■ MATERIAL FOR THIS TASK ■
────────
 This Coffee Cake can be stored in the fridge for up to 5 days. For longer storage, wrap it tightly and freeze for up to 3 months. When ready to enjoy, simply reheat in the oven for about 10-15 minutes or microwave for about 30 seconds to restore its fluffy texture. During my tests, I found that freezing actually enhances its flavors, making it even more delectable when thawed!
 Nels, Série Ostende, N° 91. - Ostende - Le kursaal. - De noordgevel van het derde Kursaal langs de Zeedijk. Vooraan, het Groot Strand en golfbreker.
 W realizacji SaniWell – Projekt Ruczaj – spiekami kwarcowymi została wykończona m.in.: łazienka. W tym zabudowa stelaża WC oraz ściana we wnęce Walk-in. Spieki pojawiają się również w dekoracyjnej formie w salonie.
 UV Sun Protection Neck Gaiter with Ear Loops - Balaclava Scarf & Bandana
────────
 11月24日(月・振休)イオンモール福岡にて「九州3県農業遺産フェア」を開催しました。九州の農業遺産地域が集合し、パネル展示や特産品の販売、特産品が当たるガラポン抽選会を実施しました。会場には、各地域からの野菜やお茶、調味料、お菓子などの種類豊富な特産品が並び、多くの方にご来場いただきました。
────────
■ TASK REQUIREMENTS ■
From the listing above, the lines starting with the one that has "Nels, Série Ostende, N°" and running through the one that has "UV Sun Protection" should be copied exactly, ends included.

■ ANSWER TO THE EXERCISE ■
 Nels, Série Ostende, N° 91. - Ostende - Le kursaal. - De noordgevel van het derde Kursaal langs de Zeedijk. Vooraan, het Groot Strand en golfbreker.
 W realizacji SaniWell – Projekt Ruczaj – spiekami kwarcowymi została wykończona m.in.: łazienka. W tym zabudowa stelaża WC oraz ściana we wnęce Walk-in. Spieki pojawiają się również w dekoracyjnej formie w salonie.
 UV Sun Protection Neck Gaiter with Ear Loops - Balaclava Scarf & Bandana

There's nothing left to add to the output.